Yesterday, the U.S. Senate Committee on Foreign Relations voted 10-7 to approve a resolution authorizing military action against Syria. The language was a bit narrower than what the president would have liked, but the resolution (which you can read for yourself here) gives the president wide latitude and also includes amended language insisted upon by Senator McCain that significantly changes the policy from what the public was initially promised. The president spoke only of sending a message, a "shot across the bow," that would not determine the end of the civil war, target Assad, or aim at regime change.

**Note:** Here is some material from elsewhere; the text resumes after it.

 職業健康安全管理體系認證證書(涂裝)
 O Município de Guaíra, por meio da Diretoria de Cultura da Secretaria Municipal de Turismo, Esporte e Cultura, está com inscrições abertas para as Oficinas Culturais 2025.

The resolution coming out of that committee, the resolution the Senate will vote on, says: "It is the policy of the United States to change the momentum on the battlefield in Syria so as to create favourable conditions for a negotiated settlement that ends the conflict and leads to a democratic government in Syria."
In other words, regime change.
Sure enough, mission creep: a policy that, once in motion, expands beyond the original scope proposed in defense of that policy. In foreign policy, it is all too common.

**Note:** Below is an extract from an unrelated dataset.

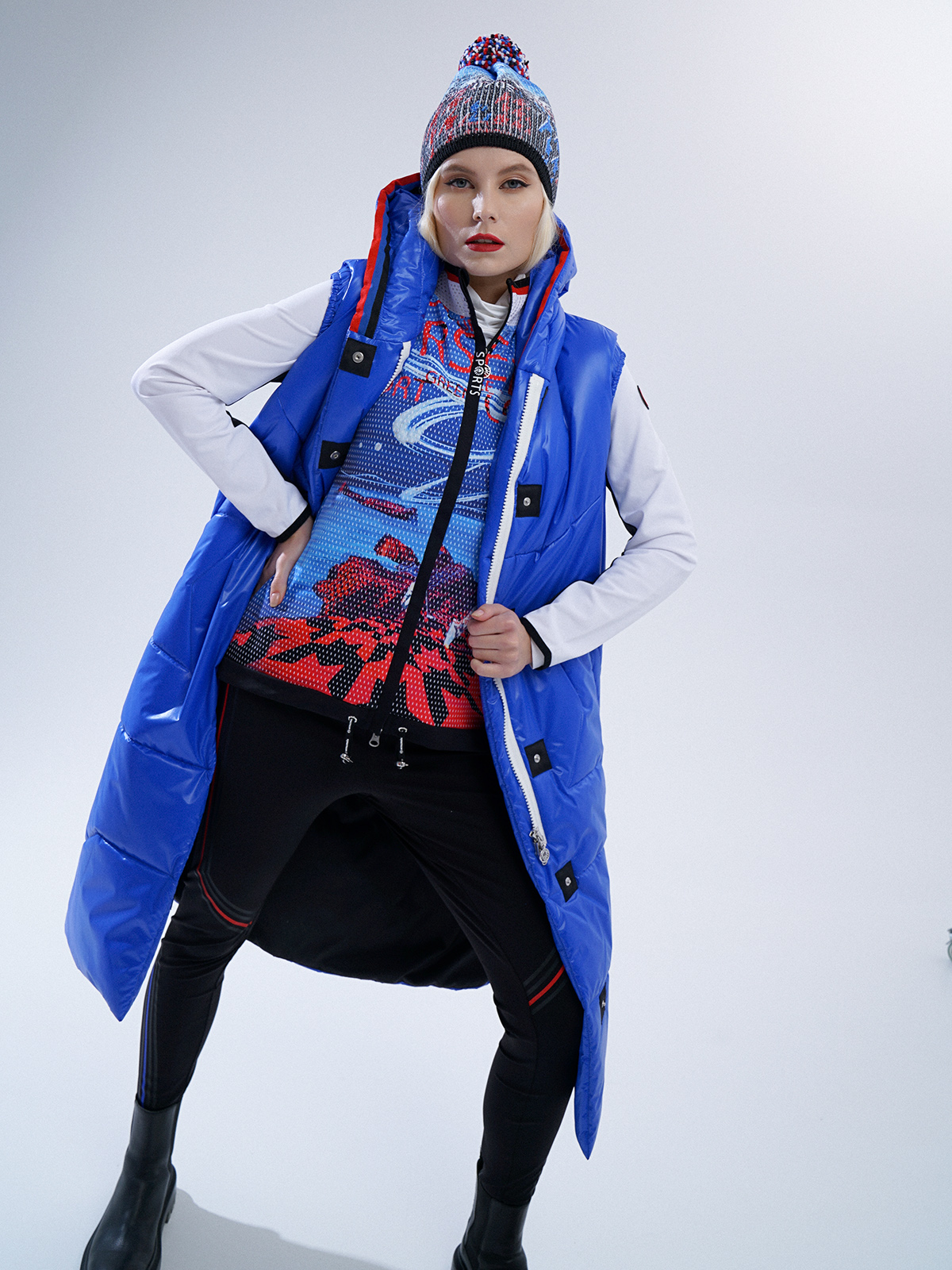 Удлиненный стеганый жилет ярко-синего цвета – теплый и стильный элемент аутфита. Подойдет для образов в спортивном или повседневном стиле, а также для образов спорт-шик. Застежка на контрастную молнию и клепки. Объемный капюшон защищает от ветра.

Just so we're clear: not only are we unable to calculate the consequences of military action in Syria, we are getting contradictory messages about the scope of the mission itself.

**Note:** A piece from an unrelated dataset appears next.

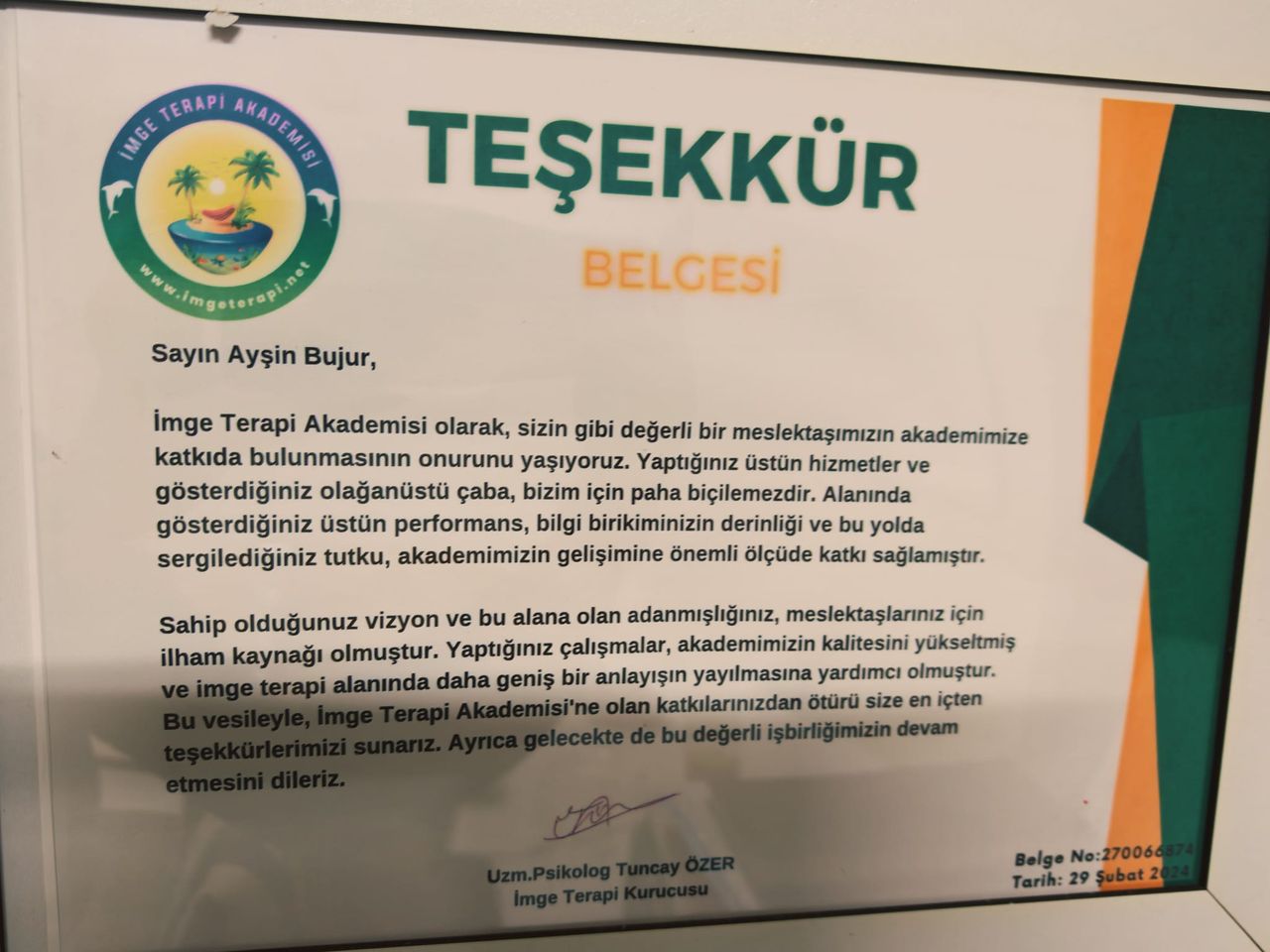 “Bu anlamlı geri bildiriminiz için teşekkür ederim. Terapi, kişinin kendi özünü yeniden hatırlama ve içsel dengesini kurma sürecidir. Bu süreçte gösterdiğiniz cesaret ve güven, dönüşümün en güçlü parçasıdır. Yolculuğunuza eşlik etmek benim için büyük bir değer.”

Because it might not be mission creep after all. Maybe this has really been the point. In the spirit of "compromise" we get the real policy, in the guise of a representative process.
If this was sincerely about upholding international law, it would be more appropriate for this to be a diplomatic struggle, isolating Russia and China, highlighting the abuse of the Security Council veto, and calling for a multilateral and accountable process. Wouldn't that be interesting?
Every poll indicates that the public does not favor unilateral military action in Syria, and things are not looking good in the House of Representatives. Some of this, no doubt, is craven: there are many in the majority Republican Party who are opposed to anything Barack Obama supports, no matter what. There also seems to be an inter-party argument between neoconservatives who never see a problem they can't solve with cruise missiles, and those with a more isolationist pose. (As I suspect it is mostly a pose.)
Is it significant that the policy being debated and voted on is significantly different than what the president proposed to the public? Is there any point in tearing apart the Secretary of State's ridiculous claim that bombing a country that has not attacked us would not be "war in a classic sense?" Was Senator Rand Paul basically right when he suggested this debate in Congress was simply theatre? A lot of us on this side of the power gulf feel like it is theatre, and that the political establishment is just doing what it wants with respect to trade agreements, military action, monetary policy, labor laws, and the general expansion of neoliberal capitalism.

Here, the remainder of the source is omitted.